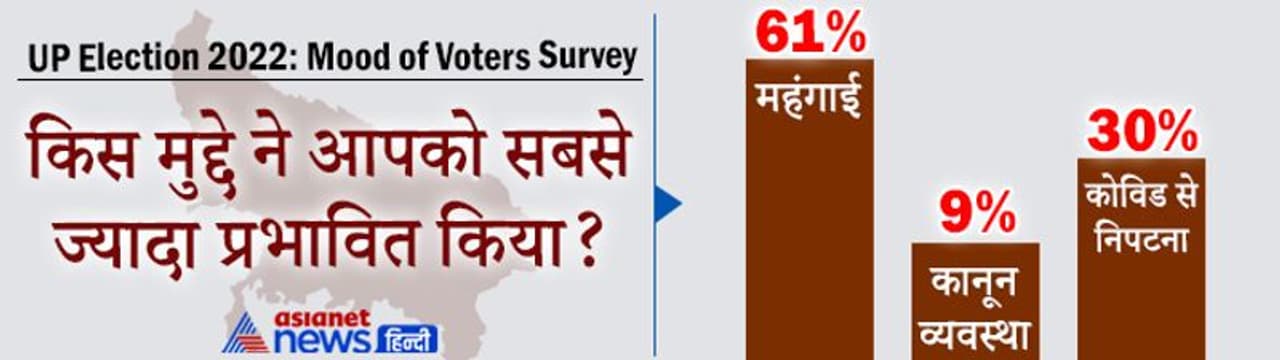 यूपी के लोग कानून के राज से खुश तो महंगाई की वजह से बिगड़े बजट ने परेशान कर रखा है। सर्वे में शामिल लोगों से सवाल किया गया कि उनको कौन सा मुद्दा सबसे अधिक प्रभावित किया? अधिकतर का जवाब था महंगाई। 61% का मानना है कि महंगाई ने उनके जीवन को बेपटरी कर दिया। वहीं, 30% लोगों का कहना है कि कोविड के खराब सिस्टम से वह प्रभावित हैं।
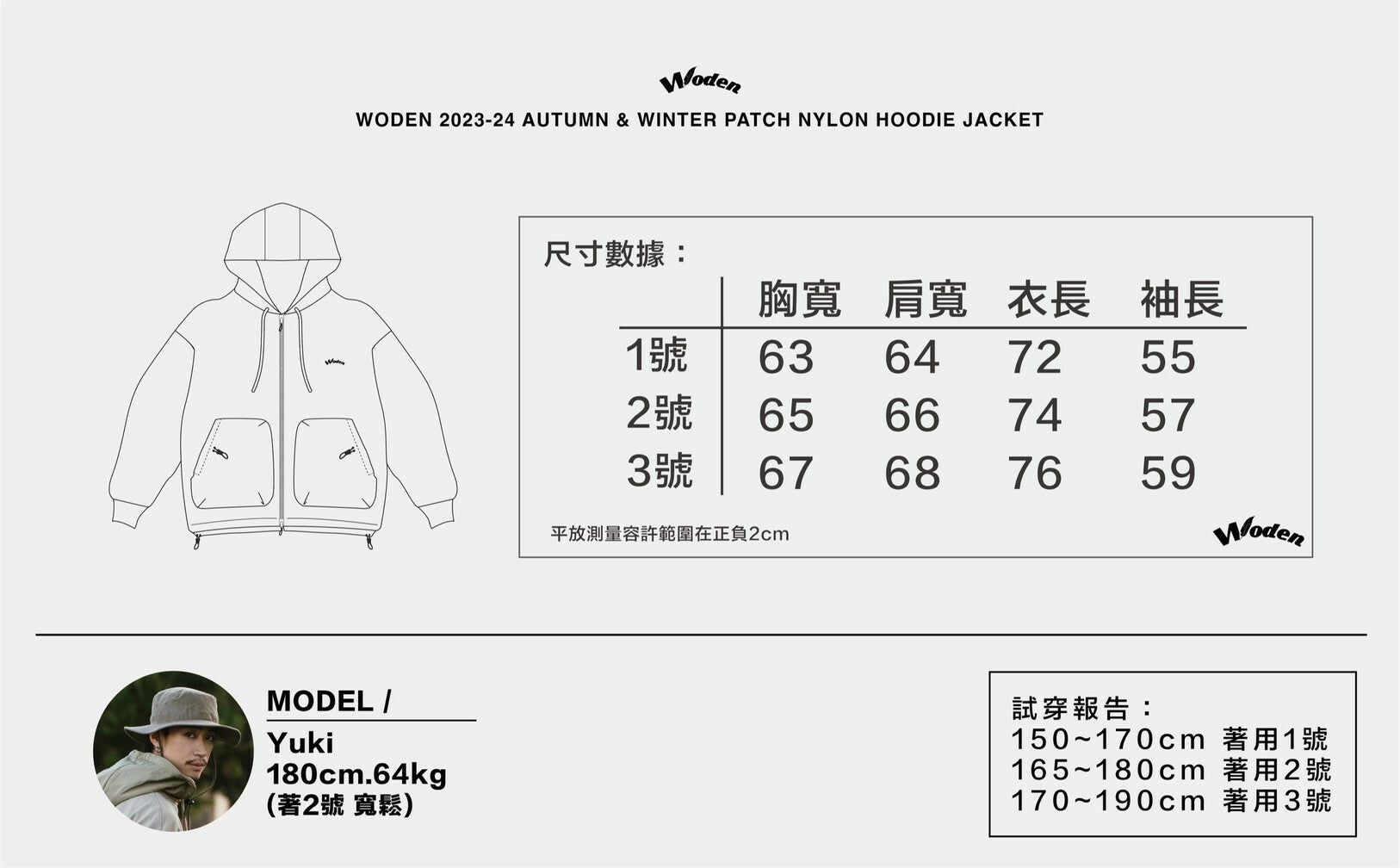 WODEN 2023-24 Autumn & Winter Patch Nylon Hoodie Jacket
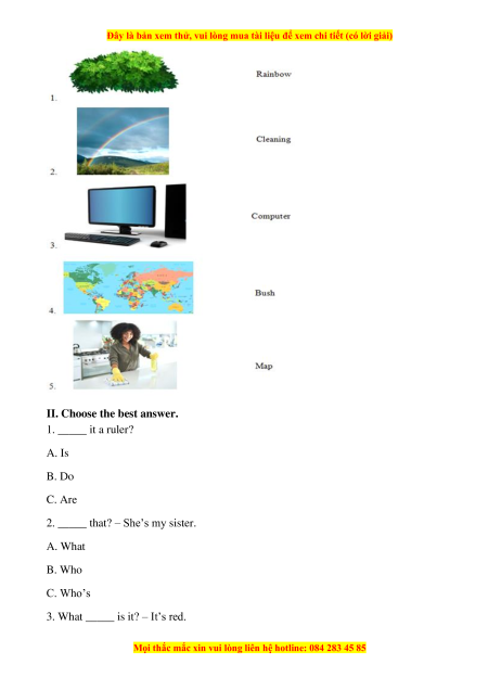 II. Choose the best answer. 1. _____ it a ruler? A. Is B. Do C. Are
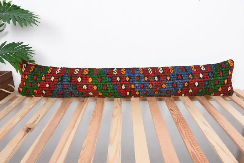 Rot & Grün besticktes Wurfkissen, handgemachtes geometrisches Kissen
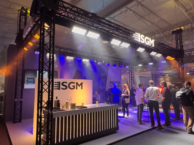 SGM展位聚焦“场景化创新,适配多元需求”,展示了涵盖舞台演出、商业照明、文旅夜游等多领域的全系列灯光解决方案与核心产品。SGM依托浩洋股份的全产业链支持与技术研发实力,此次带来的多款新品重点强化了产品的兼容性与易用性,兼顾性能与性价比。既延续了SGM一贯的稳定可靠的产品基因,又针对当下行业对轻量化、智能化、节能化的需求,优化了产品设计与系统适配能力,现场工作人员通过一对一演示,向参展观众详细介绍了产品的核心优势与场景应用案例,吸引了大量欧洲本地集成商、经销商的咨询与洽谈,为后续海外市场拓展奠定了坚实基础。
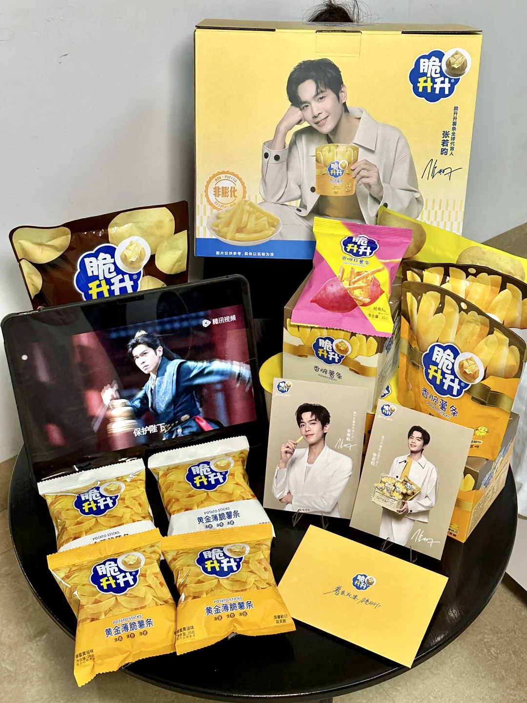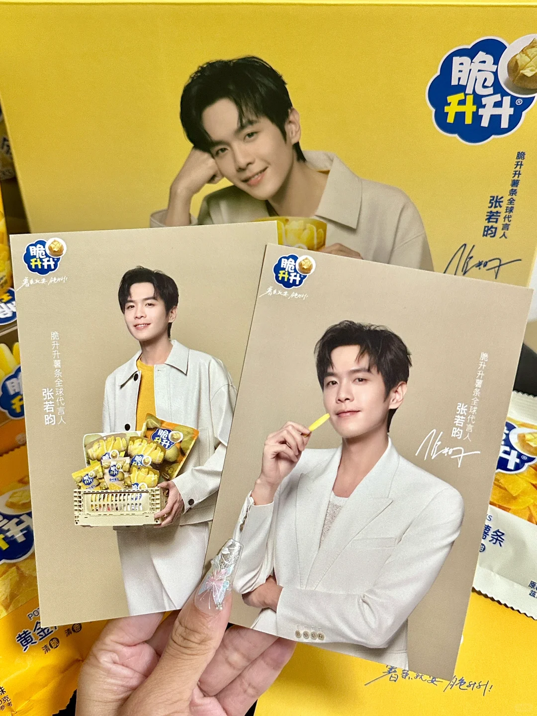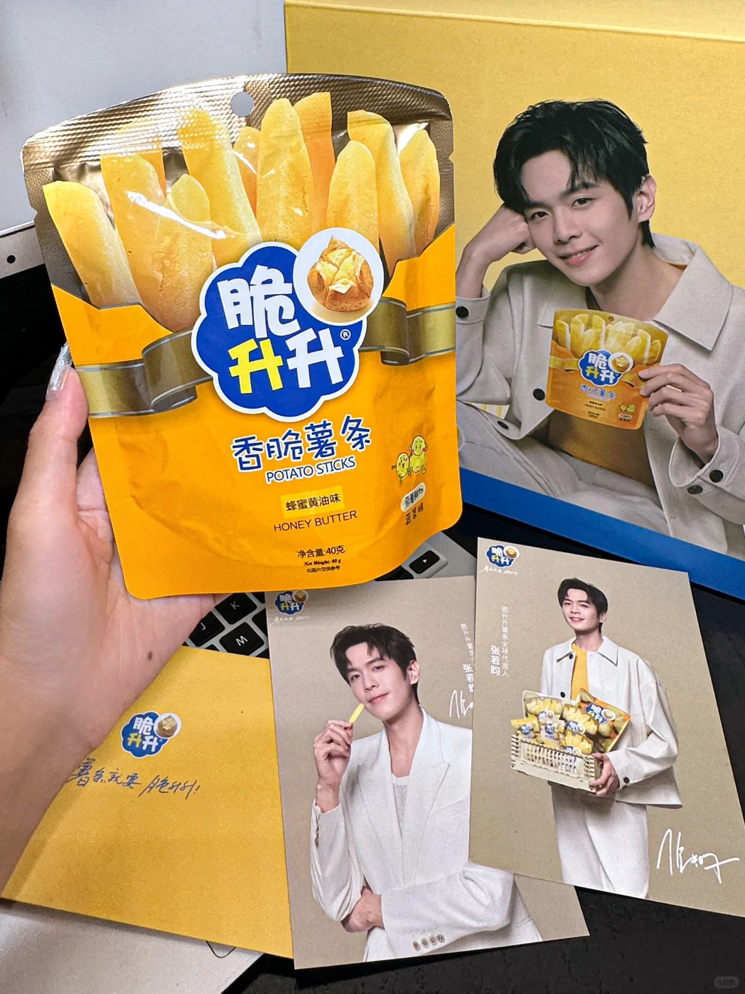 卧卧卧。。张若昀代言的薯条礼盒还送明星周边
:::
Instructions for the task
Above are the records. Copy exactly, and only, the lines from the line containing "Rot & Grün besticktes" through the last one, omitting any pictures.

Written answer
 Rot & Grün besticktes Wurfkissen, handgemachtes geometrisches Kissen
 SGM展位聚焦“场景化创新,适配多元需求”,展示了涵盖舞台演出、商业照明、文旅夜游等多领域的全系列灯光解决方案与核心产品。SGM依托浩洋股份的全产业链支持与技术研发实力,此次带来的多款新品重点强化了产品的兼容性与易用性,兼顾性能与性价比。既延续了SGM一贯的稳定可靠的产品基因,又针对当下行业对轻量化、智能化、节能化的需求,优化了产品设计与系统适配能力,现场工作人员通过一对一演示,向参展观众详细介绍了产品的核心优势与场景应用案例,吸引了大量欧洲本地集成商、经销商的咨询与洽谈,为后续海外市场拓展奠定了坚实基础。
 卧卧卧。。张若昀代言的薯条礼盒还送明星周边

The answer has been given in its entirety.